| Aim of the task |
Look through the data below and extract, unchanged, the lines from the one that contains "從表2可以看出,計(jì)算" to the one that contains "객실에는 우드톤 가구를", both included.

| Records to use |
☆ ☆ ☆ ☆
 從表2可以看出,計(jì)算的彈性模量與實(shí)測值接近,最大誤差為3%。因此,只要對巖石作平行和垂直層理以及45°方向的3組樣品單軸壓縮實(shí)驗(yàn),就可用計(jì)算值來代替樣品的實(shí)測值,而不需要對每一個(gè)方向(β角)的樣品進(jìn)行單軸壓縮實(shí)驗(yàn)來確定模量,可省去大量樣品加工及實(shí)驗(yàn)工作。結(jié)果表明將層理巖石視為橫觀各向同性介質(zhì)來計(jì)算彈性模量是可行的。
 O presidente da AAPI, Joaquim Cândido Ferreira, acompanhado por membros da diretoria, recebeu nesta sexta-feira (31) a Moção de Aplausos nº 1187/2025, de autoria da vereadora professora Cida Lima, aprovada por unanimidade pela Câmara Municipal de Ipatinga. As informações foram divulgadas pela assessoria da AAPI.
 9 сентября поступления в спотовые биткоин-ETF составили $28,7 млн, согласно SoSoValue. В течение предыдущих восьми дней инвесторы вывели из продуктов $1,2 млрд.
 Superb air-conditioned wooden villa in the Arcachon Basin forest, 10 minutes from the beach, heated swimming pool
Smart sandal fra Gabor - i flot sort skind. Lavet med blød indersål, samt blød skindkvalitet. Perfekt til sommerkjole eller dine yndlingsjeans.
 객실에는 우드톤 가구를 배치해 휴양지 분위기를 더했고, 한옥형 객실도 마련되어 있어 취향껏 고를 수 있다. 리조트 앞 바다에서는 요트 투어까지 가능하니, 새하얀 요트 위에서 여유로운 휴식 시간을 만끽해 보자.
☆ ☆ ☆ ☆
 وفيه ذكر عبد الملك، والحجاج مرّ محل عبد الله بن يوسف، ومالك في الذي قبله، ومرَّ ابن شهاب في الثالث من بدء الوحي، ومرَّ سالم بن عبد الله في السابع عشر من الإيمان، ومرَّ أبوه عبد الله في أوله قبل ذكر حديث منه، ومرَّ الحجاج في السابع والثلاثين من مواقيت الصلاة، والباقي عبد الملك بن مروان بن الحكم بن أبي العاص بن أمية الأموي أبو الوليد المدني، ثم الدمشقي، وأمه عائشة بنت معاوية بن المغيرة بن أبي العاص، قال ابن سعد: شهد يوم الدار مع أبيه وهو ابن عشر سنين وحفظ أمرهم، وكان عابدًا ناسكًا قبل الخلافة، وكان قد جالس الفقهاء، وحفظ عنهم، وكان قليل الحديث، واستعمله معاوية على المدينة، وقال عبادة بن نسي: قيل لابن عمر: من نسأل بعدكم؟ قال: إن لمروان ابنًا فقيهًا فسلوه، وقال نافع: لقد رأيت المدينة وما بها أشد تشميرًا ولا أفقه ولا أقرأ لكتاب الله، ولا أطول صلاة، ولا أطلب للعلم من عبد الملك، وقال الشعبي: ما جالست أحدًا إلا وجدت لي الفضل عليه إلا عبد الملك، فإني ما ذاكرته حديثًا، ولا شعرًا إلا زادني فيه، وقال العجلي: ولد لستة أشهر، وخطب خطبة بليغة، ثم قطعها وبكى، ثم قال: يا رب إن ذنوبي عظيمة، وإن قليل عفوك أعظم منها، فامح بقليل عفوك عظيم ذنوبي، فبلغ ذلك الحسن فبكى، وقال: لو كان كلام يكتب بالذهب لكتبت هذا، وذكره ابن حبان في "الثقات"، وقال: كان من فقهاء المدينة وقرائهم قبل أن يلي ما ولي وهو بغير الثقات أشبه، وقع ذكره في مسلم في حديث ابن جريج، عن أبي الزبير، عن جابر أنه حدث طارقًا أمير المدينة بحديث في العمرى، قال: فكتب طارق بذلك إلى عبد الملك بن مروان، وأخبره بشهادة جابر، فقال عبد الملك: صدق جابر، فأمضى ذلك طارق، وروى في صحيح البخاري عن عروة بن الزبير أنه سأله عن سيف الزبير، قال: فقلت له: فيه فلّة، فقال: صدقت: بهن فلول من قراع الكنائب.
☆ ☆ ☆ ☆
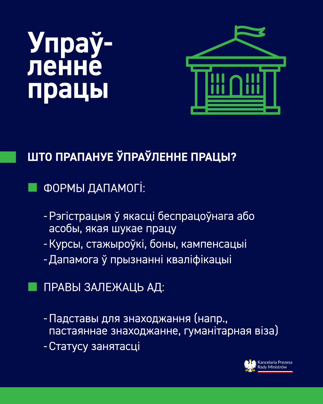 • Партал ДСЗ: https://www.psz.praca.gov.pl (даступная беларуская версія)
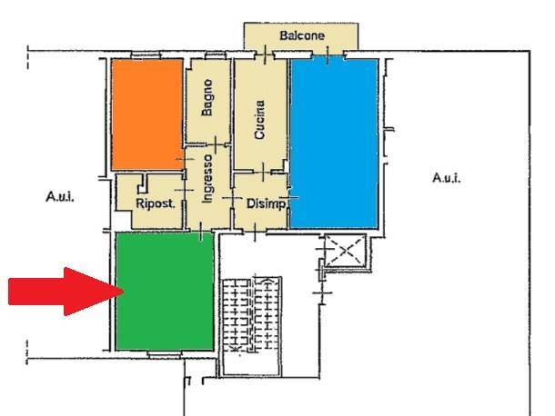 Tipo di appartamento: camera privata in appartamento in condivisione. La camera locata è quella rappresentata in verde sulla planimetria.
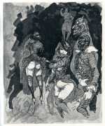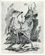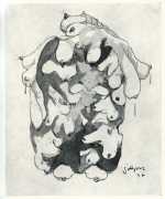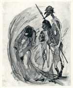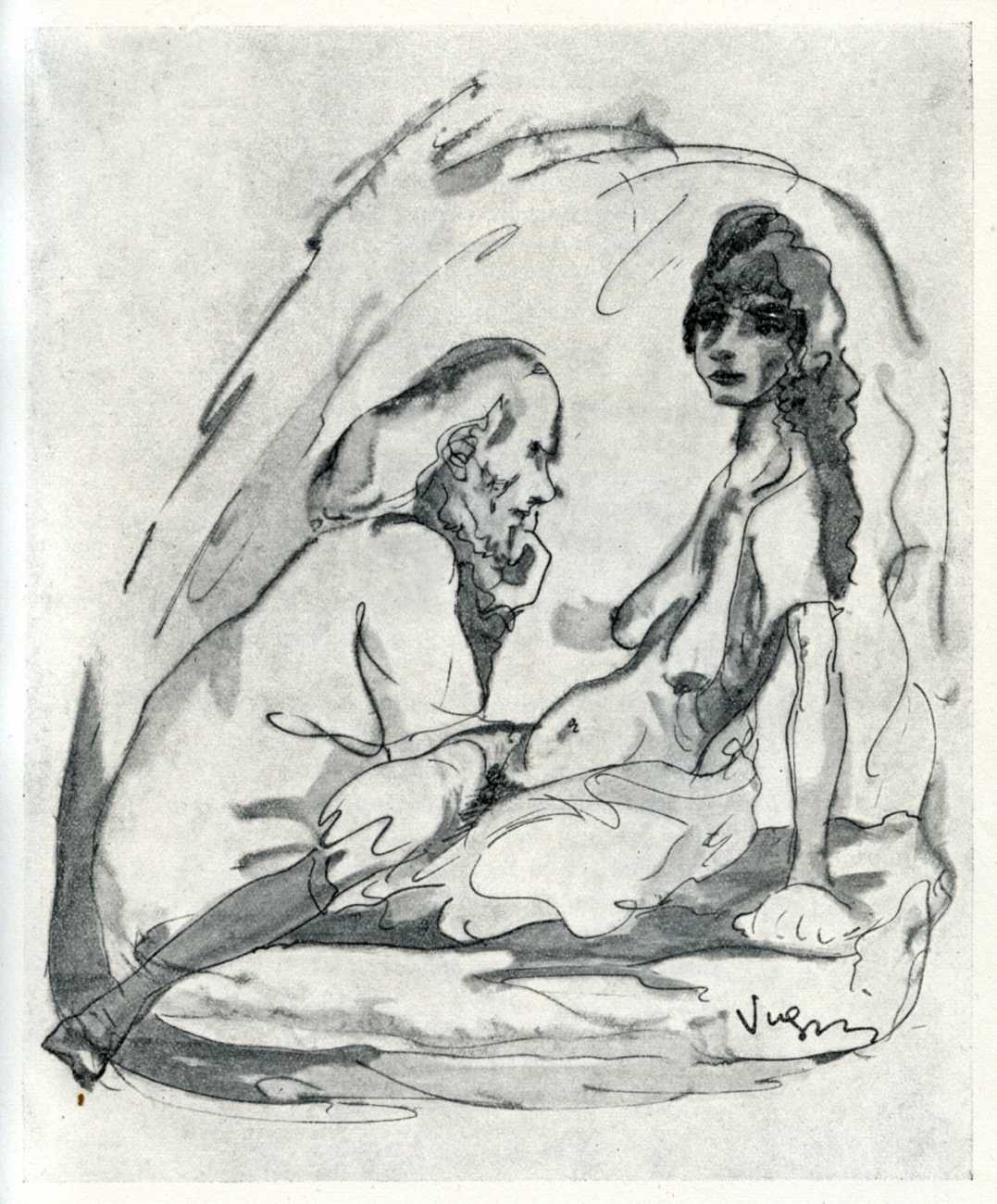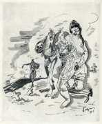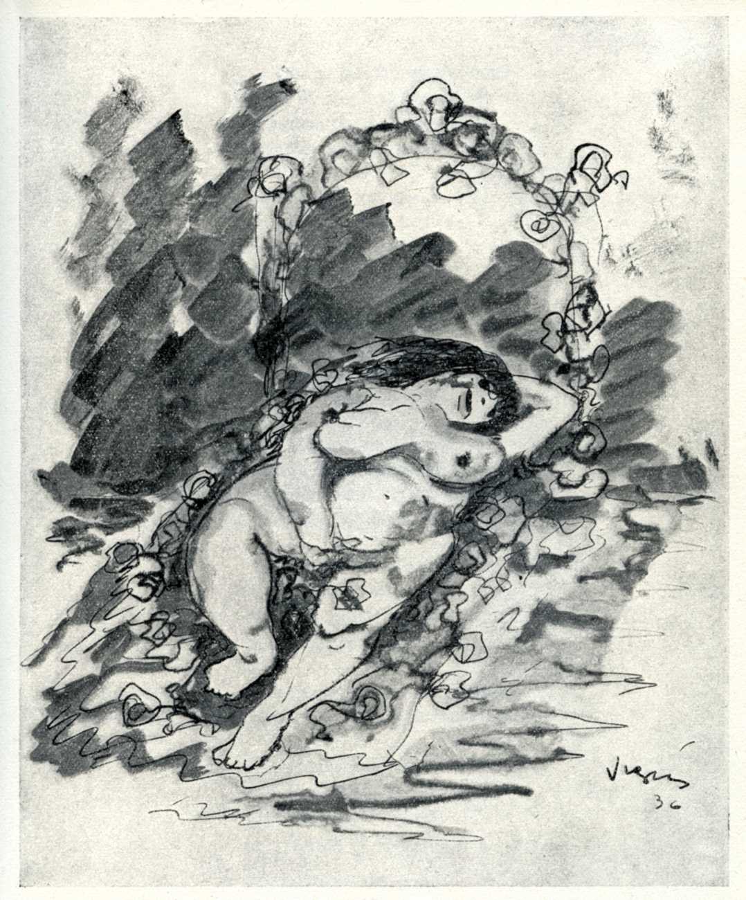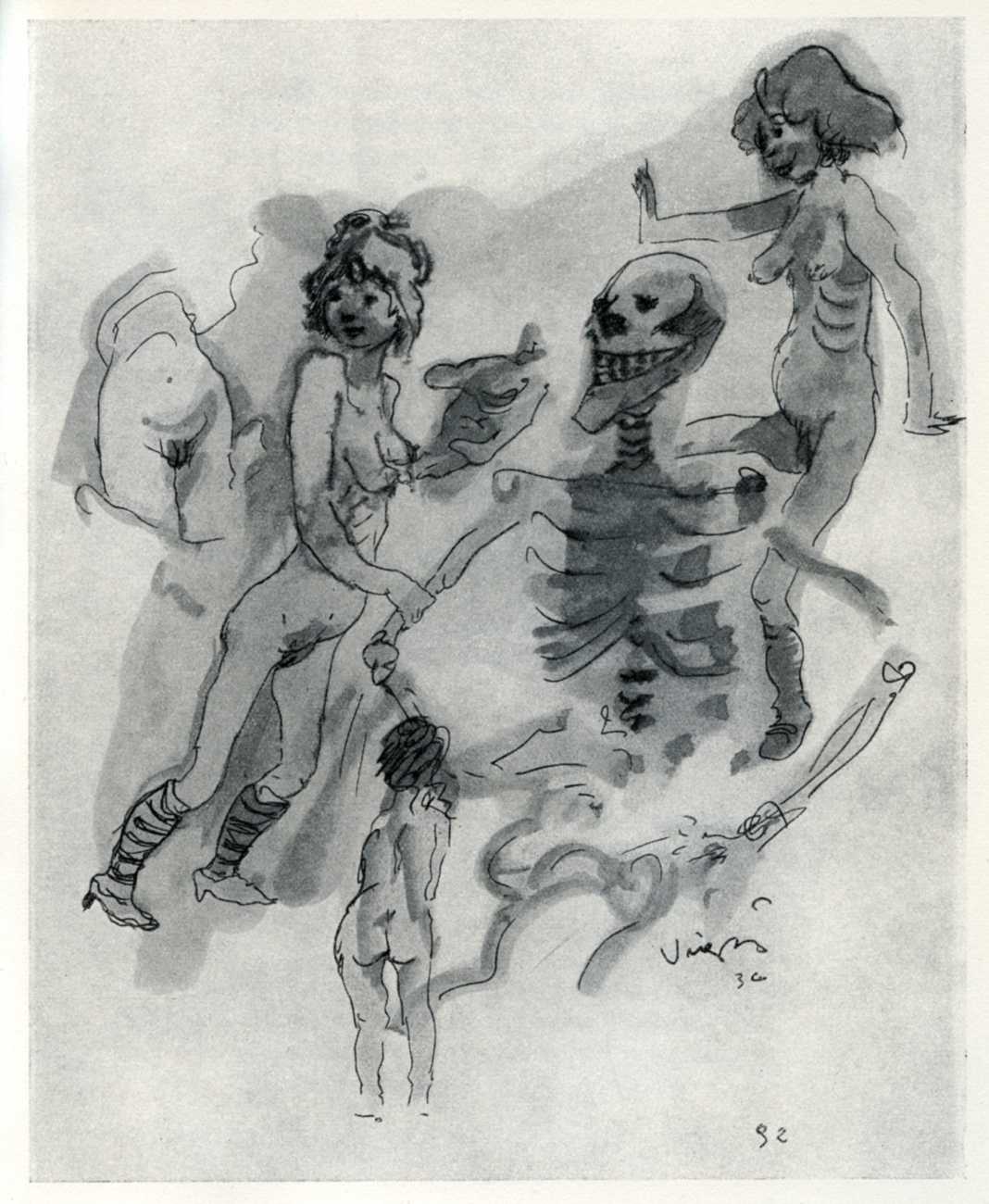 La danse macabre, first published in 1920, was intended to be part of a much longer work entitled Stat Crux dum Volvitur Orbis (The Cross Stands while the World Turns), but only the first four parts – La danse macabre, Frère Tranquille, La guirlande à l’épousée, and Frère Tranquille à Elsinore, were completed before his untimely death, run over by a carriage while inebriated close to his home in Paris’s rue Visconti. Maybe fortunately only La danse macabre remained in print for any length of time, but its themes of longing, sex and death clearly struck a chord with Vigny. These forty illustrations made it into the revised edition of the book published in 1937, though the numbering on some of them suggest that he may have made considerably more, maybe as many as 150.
☆ ☆ ☆ ☆
| Answer space |
 從表2可以看出,計(jì)算的彈性模量與實(shí)測值接近,最大誤差為3%。因此,只要對巖石作平行和垂直層理以及45°方向的3組樣品單軸壓縮實(shí)驗(yàn),就可用計(jì)算值來代替樣品的實(shí)測值,而不需要對每一個(gè)方向(β角)的樣品進(jìn)行單軸壓縮實(shí)驗(yàn)來確定模量,可省去大量樣品加工及實(shí)驗(yàn)工作。結(jié)果表明將層理巖石視為橫觀各向同性介質(zhì)來計(jì)算彈性模量是可行的。
 O presidente da AAPI, Joaquim Cândido Ferreira, acompanhado por membros da diretoria, recebeu nesta sexta-feira (31) a Moção de Aplausos nº 1187/2025, de autoria da vereadora professora Cida Lima, aprovada por unanimidade pela Câmara Municipal de Ipatinga. As informações foram divulgadas pela assessoria da AAPI.
 9 сентября поступления в спотовые биткоин-ETF составили $28,7 млн, согласно SoSoValue. В течение предыдущих восьми дней инвесторы вывели из продуктов $1,2 млрд.
 Superb air-conditioned wooden villa in the Arcachon Basin forest, 10 minutes from the beach, heated swimming pool
Smart sandal fra Gabor - i flot sort skind. Lavet med blød indersål, samt blød skindkvalitet. Perfekt til sommerkjole eller dine yndlingsjeans.
 객실에는 우드톤 가구를 배치해 휴양지 분위기를 더했고, 한옥형 객실도 마련되어 있어 취향껏 고를 수 있다. 리조트 앞 바다에서는 요트 투어까지 가능하니, 새하얀 요트 위에서 여유로운 휴식 시간을 만끽해 보자.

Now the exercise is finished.